# Latest addition to the Locomotive roster.



## Dave F (Jan 2, 2008)

Well, I broke down and took Manfred (Lotsasteam) up on an offer that I could not resist. 

The LP&W is now the proud new owner of Rio Grande #1202, a 2-8-2 Mikado from AristoCraft. It arrived complete with a Manfred original weathering job as well. As Manfed is well known to say.. "I don't run clean engines"... 





































I do believe my Loco roster is 95% done.. I just need a NW-2 and I'll be happy. 

Also of note.. Engineer Sean is ready for his school program tomorrow. He will be taking part in a re-enactment of the driving of the Golden Spike.. 










Yeah, I know.. he's a bit too clean to be either a Steam Locomotive Engineer OR an 11 year old.. 

BreakDog Domino seems ready and willing to help out too..


----------



## Torby (Jan 2, 2008)

Nice loco, kid and dog. 

I'd like to weather mine lightly. Like a freight engine that gets heavy use, but is maintained.


----------



## Dave F (Jan 2, 2008)

Thanks Tom.. I am rather fond of all three , the latter two, moreso.. 

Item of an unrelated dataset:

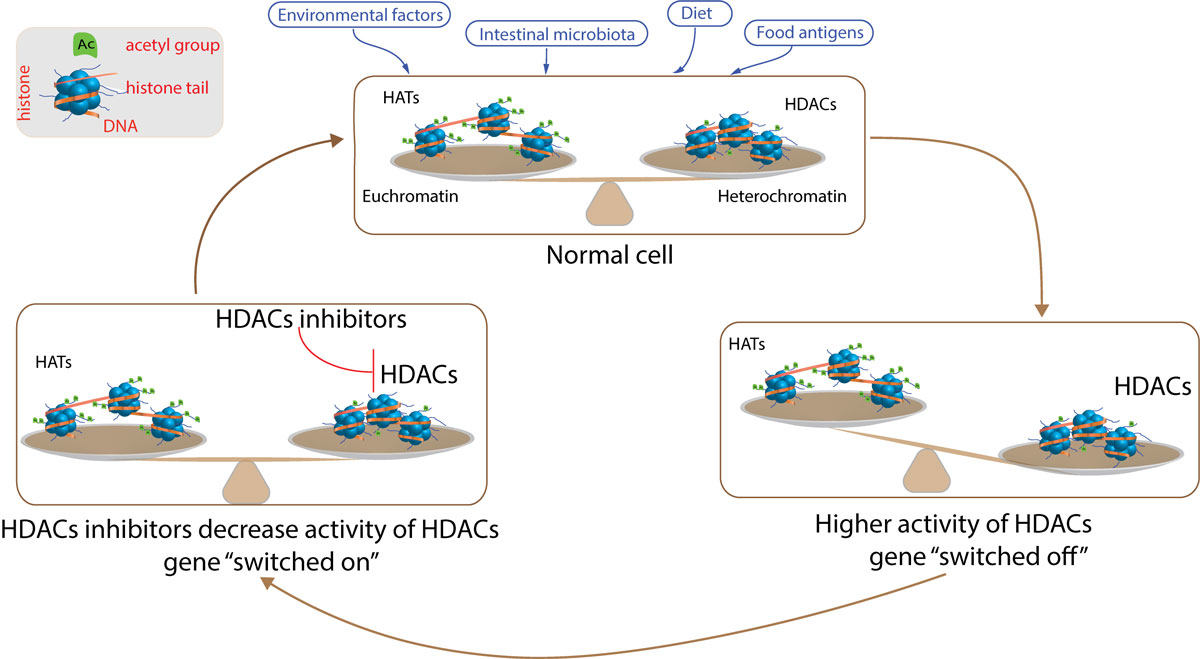 Figure 1 Epigenetic regulation of gene expression – histone acetylation. Cells in the gastrointestinal track are exposed to several environmental factors, dietary antigens, intestinal microbiota and microbiota derived-metabolites that may modulate epigenetic machinery. In the steady state, there is a balance between acetylation and deacetylation. Increased activity of histone deacetylases (HDACs) leads to higher histone deacetylation, which causes formation of heterochromatin and silences gene expression. On the other hand, treatment with HDAC inhibitors decreases HDAC activity and restores balance between acetylation and deacetylation in the cell, allowing genes to be transcribed. HAT = histone acetyltransferase

Stan... I may be hitting you up for some I.C. decals for the Mikado. Let me get into her and see just how much work I want to put into it and I'll let ya know.


----------



## lotsasteam (Jan 3, 2008)

Havy weathered hee,i bought some donuts they looked worse!(They tasted good:what does it tell you:looks doesnot allways matter!!!) 

Manfred Diel


----------



## Dave F (Jan 2, 2008)

I like donuts.. why didn't you bring me any donuts?


----------



## lotsasteam (Jan 3, 2008)

Donuts? My wife put me on a diet so i have to get the new dietdonuts (holes only)Ill come over to your place and than we can finish the NUTTELLA together(its on the shelf on pic #5) 

Manfred


----------